The task ::
Go through the entries and transcribe each one exactly, dropping the pictures.

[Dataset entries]
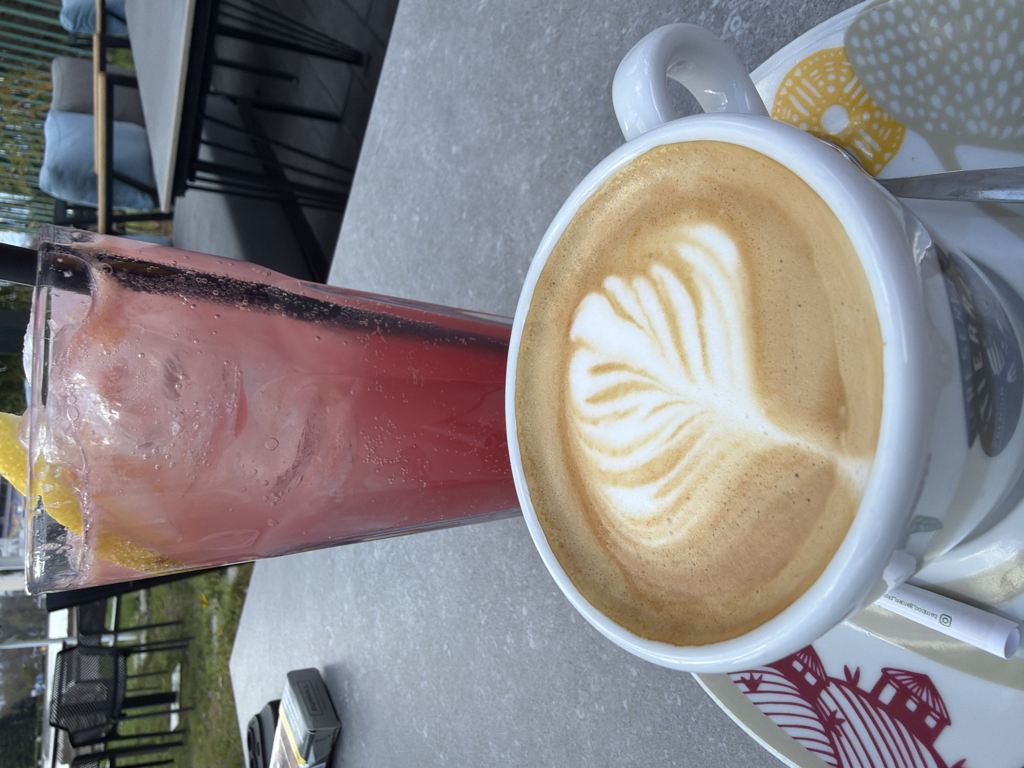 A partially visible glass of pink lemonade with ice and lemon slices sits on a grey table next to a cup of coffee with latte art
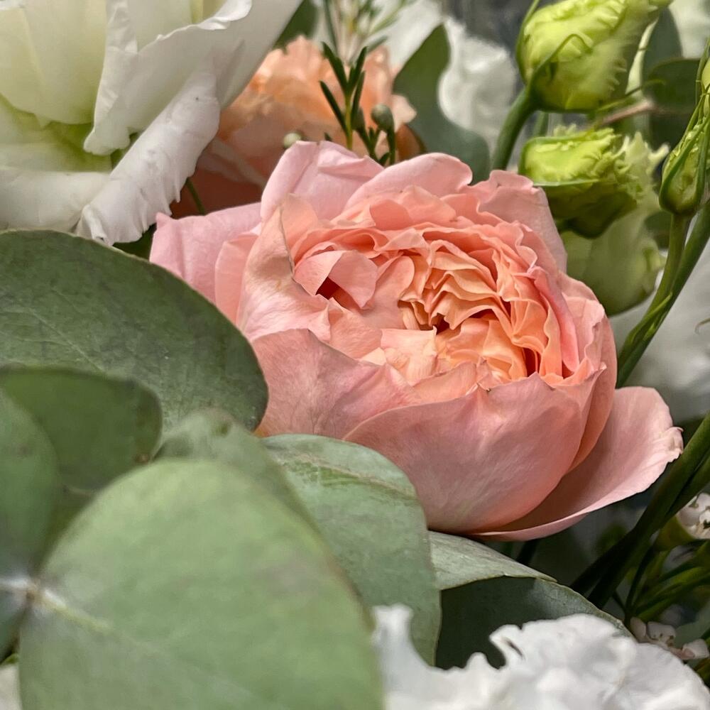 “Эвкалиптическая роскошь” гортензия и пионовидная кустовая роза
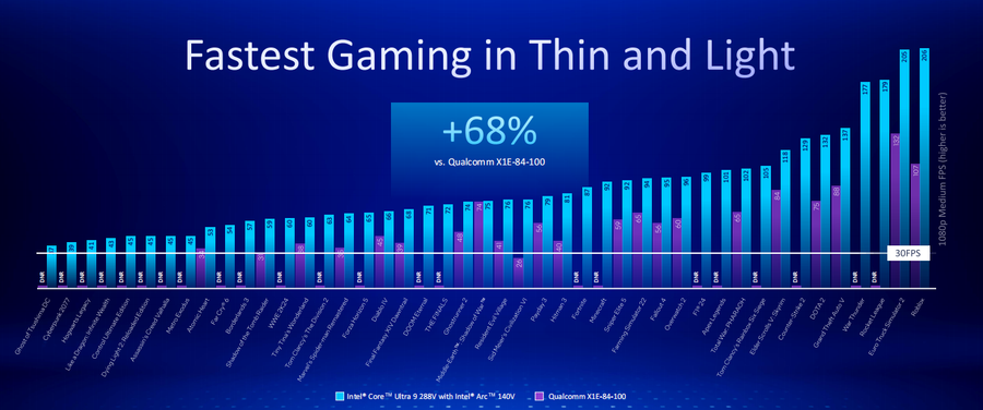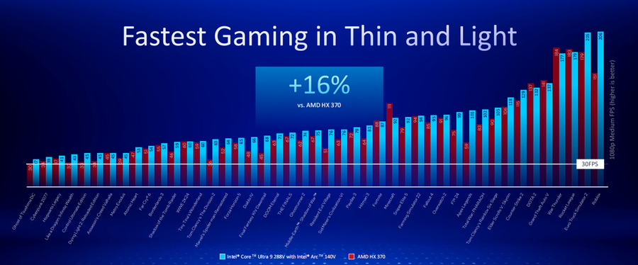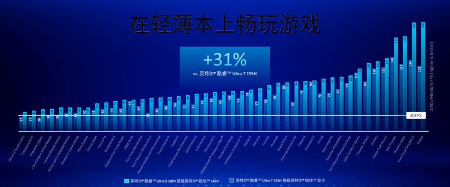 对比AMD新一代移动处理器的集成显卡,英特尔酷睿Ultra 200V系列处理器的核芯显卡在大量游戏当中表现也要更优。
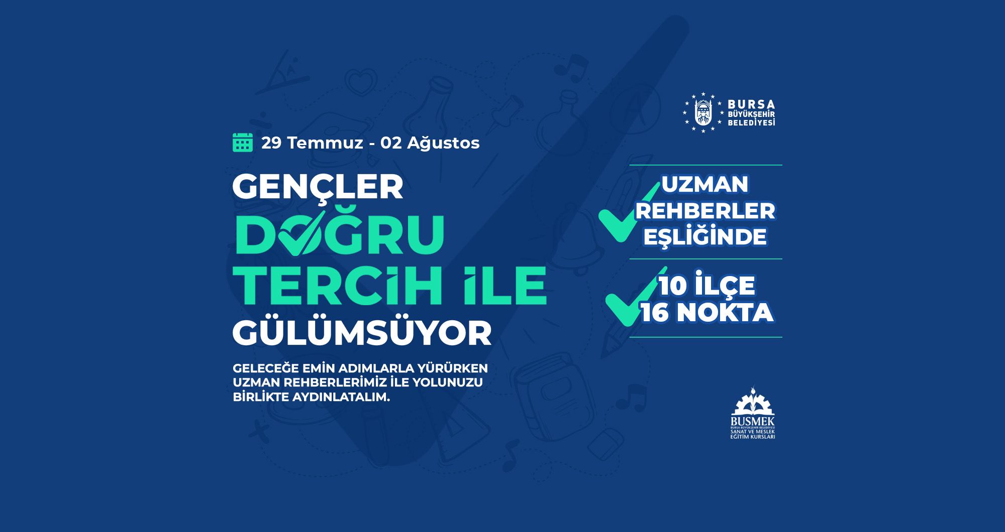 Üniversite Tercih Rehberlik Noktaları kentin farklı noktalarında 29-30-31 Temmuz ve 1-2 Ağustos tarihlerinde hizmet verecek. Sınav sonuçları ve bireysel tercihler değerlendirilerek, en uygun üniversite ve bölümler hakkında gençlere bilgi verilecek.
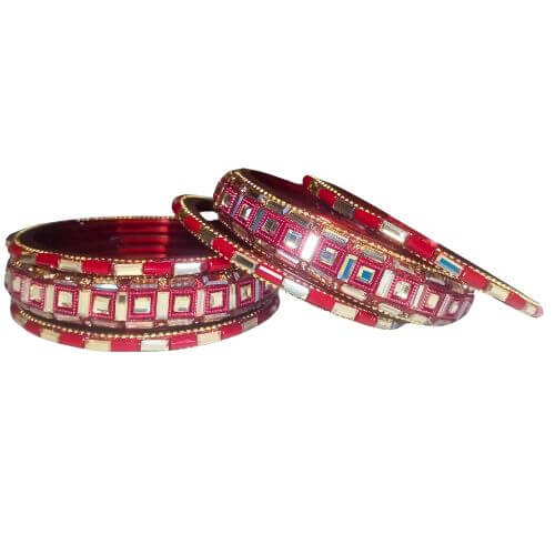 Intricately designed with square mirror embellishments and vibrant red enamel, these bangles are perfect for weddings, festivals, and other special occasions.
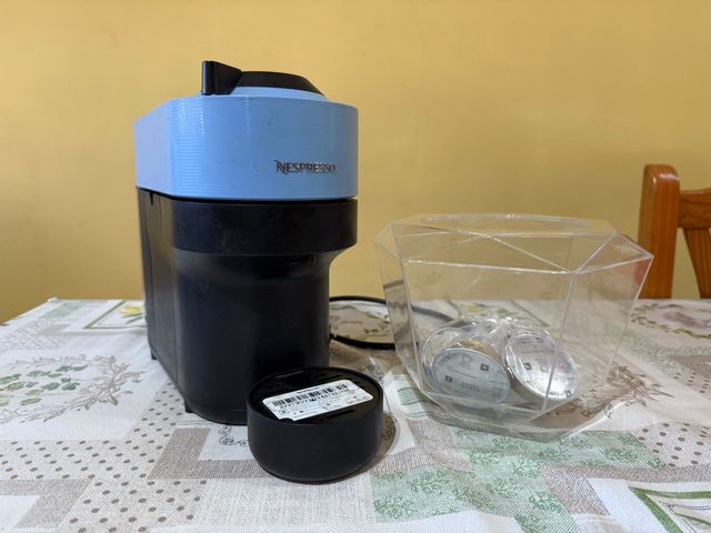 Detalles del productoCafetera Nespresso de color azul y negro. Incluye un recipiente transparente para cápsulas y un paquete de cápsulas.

Task result ::
 A partially visible glass of pink lemonade with ice and lemon slices sits on a grey table next to a cup of coffee with latte art
 “Эвкалиптическая роскошь” гортензия и пионовидная кустовая роза
 对比AMD新一代移动处理器的集成显卡,英特尔酷睿Ultra 200V系列处理器的核芯显卡在大量游戏当中表现也要更优。
 Üniversite Tercih Rehberlik Noktaları kentin farklı noktalarında 29-30-31 Temmuz ve 1-2 Ağustos tarihlerinde hizmet verecek. Sınav sonuçları ve bireysel tercihler değerlendirilerek, en uygun üniversite ve bölümler hakkında gençlere bilgi verilecek.
 Intricately designed with square mirror embellishments and vibrant red enamel, these bangles are perfect for weddings, festivals, and other special occasions.
 Detalles del productoCafetera Nespresso de color azul y negro. Incluye un recipiente transparente para cápsulas y un paquete de cápsulas.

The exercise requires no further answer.